GOAL OF THE EXERCISE » The material below holds pictures, which are to be left out; copy exactly the lines from the one with "Kurz vor Jahresende" through the one with "小米汽车官方回复:小米YU7防晒隔热性能非常强,不用额外贴膜。".

(EXERCISE MATERIAL Opens)

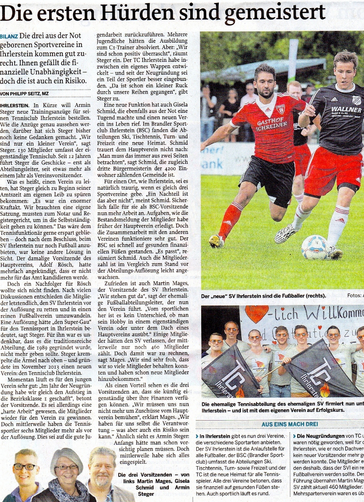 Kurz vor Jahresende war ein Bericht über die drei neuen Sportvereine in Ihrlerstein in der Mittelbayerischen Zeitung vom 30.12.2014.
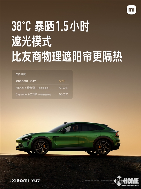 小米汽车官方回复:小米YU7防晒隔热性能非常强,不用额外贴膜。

(EXERCISE MATERIAL Closes)
(EXERCISE MATERIAL Opens)

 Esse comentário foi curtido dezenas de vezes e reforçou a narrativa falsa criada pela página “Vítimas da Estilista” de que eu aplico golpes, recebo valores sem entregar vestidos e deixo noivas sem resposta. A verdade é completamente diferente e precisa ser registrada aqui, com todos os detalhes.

(EXERCISE MATERIAL Closes)
(EXERCISE MATERIAL Opens)

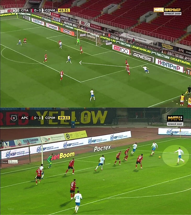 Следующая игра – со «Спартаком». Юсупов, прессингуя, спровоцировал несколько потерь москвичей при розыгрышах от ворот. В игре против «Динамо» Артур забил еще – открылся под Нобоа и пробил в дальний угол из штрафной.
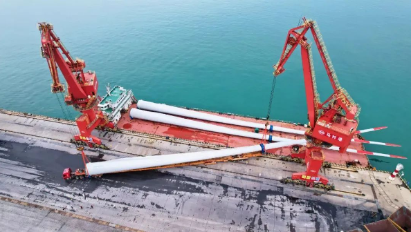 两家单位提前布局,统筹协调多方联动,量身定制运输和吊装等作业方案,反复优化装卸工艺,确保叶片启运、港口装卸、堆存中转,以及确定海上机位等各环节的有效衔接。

(EXERCISE MATERIAL Closes)

EXERCISE RESULT »
 Kurz vor Jahresende war ein Bericht über die drei neuen Sportvereine in Ihrlerstein in der Mittelbayerischen Zeitung vom 30.12.2014.
 小米汽车官方回复:小米YU7防晒隔热性能非常强,不用额外贴膜。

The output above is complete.